9. İstanbul Bienali’ni gezerken (2005 yılı) uğramıştım
Casa Garibaldi diye de bilinen o binaya.
Yer yer dökülmüş süslü duvarlarıyla parlak günler görmüş, sonra
kaderine terkedilmiş, tarih yüklü güzel bir mekan hatırlıyorum.
19. yüzyılın sonunda, İstanbul’daki İtalyan topluluğunun
“İtalyan İşçi Yardımlaşma Derneği”ni barındıran
binanın hikayesine geleceğim ama önce değişen kaderine
değineyim.
Kaderini değiştiren TÜRSAB.
2012 yılında binanın sahibi İtalyan Vakfı ile
imzalanan protokole göre, 10 yıllık kullanım hakkı karşılığında
tarihi binanın restorasyonunu TÜRSAB (Türkiye
Seyahat Acentaları Birliği) üstleniyor.
TÜRSAB Başkanı Firuz Bağlıkaya’nın verdiği bilgiye göre, restorasyon 4-5 yıl sürüyor ve 10 milyon dolara mal oluyor.
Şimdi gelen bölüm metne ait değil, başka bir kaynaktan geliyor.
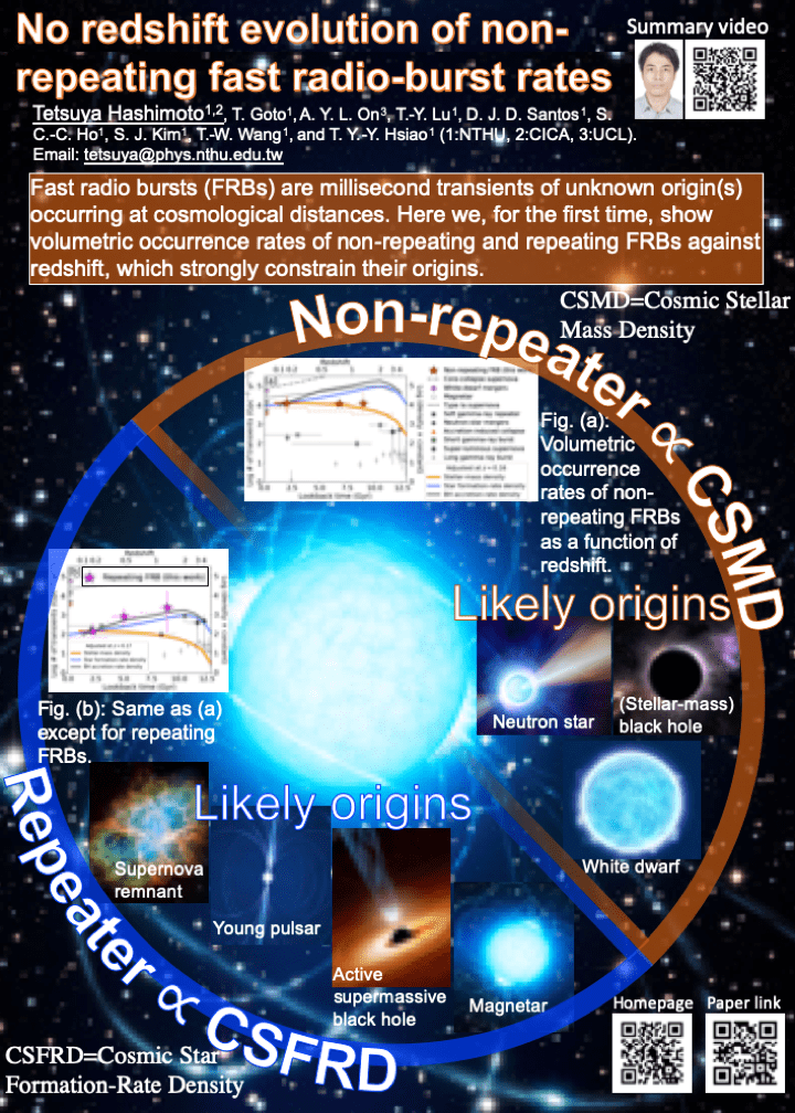 I presented a poster in ASROC 2020 in Taipei. ‘No redshift evolution of non-repeating fast radio-burst rates’, 3 Sep. (2020).

Bağlıkaya önceki günkü telefon görüşmemizde , “TÜRSAB yeni yönetiminin uzun aylardan beri İtalyan Vakfı ile sürdürdüğü görüşmeler sonucu 10 yıllık kullanım hakkının yenilenmesiyle iki kurum arasındaki protokol imzalandı” diyor.
Yani bu durumda binanın restorasyon süreci ayrı tutuluyor ve
TÜRSAB binayı 2018 yılından itibaren 10 yıl
kullanma hakkını elde ediyor.
CASA GARİBALDİ’NİN HİKAYESİ
Firuz Bağlıkaya, Casa Garibaldi’nin acentalar, turizme hizmet veren kurum ve kuruluşlar tarafından kültürel amaçlı kullanılacağını belirtiyor.
İstanbul’un sadece bienal dönemlerinde kullanılan, meraklıları hariç kimsenin pek bilmediği tarihi binayı yeniden kazanmış olması sevindirici.